> [Assignment]
What is needed is an exact copy of the data below, pictures excluded.

> [Data block]
++++++

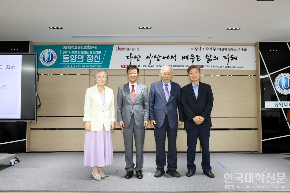 [한국대학신문 박인규 기자] 동양대학교(총장 최성해) 현암교양교육원은 교내 구성원들과 영주 시민들의 역량을 응집할 수 있는 특성화 전략의 일환으로 영주 시민과 함께하는 교과목 ‘동양의 정신’을 개설해 운영하고 있다. ‘동양의 정신’ 교과목은 2학기 학사 일정에 맞춰 진행하고 있는데, 그 핵심은 저명인사의 특강에 초점을 두고 있다.
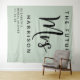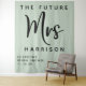 Minimal modern "The Future Mrs" personalised sage green photo booth tapestry for your bridal shower. "Mrs" is written in a large elegant script. Personalise with your future married name, first name and shower date. The bottom corner is left blank for an area for your guests to take pictures.
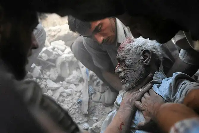 Сирийцы помогают раненому мужчине, который был раздавлен обломками в результате бомбардировки самолетов сирийских правительственных сил. Гражданская война продолжается в Сирии уже более трех лет.

++++++

> [Completed exercise]
 [한국대학신문 박인규 기자] 동양대학교(총장 최성해) 현암교양교육원은 교내 구성원들과 영주 시민들의 역량을 응집할 수 있는 특성화 전략의 일환으로 영주 시민과 함께하는 교과목 ‘동양의 정신’을 개설해 운영하고 있다. ‘동양의 정신’ 교과목은 2학기 학사 일정에 맞춰 진행하고 있는데, 그 핵심은 저명인사의 특강에 초점을 두고 있다.
 Minimal modern "The Future Mrs" personalised sage green photo booth tapestry for your bridal shower. "Mrs" is written in a large elegant script. Personalise with your future married name, first name and shower date. The bottom corner is left blank for an area for your guests to take pictures.
 Сирийцы помогают раненому мужчине, который был раздавлен обломками в результате бомбардировки самолетов сирийских правительственных сил. Гражданская война продолжается в Сирии уже более трех лет.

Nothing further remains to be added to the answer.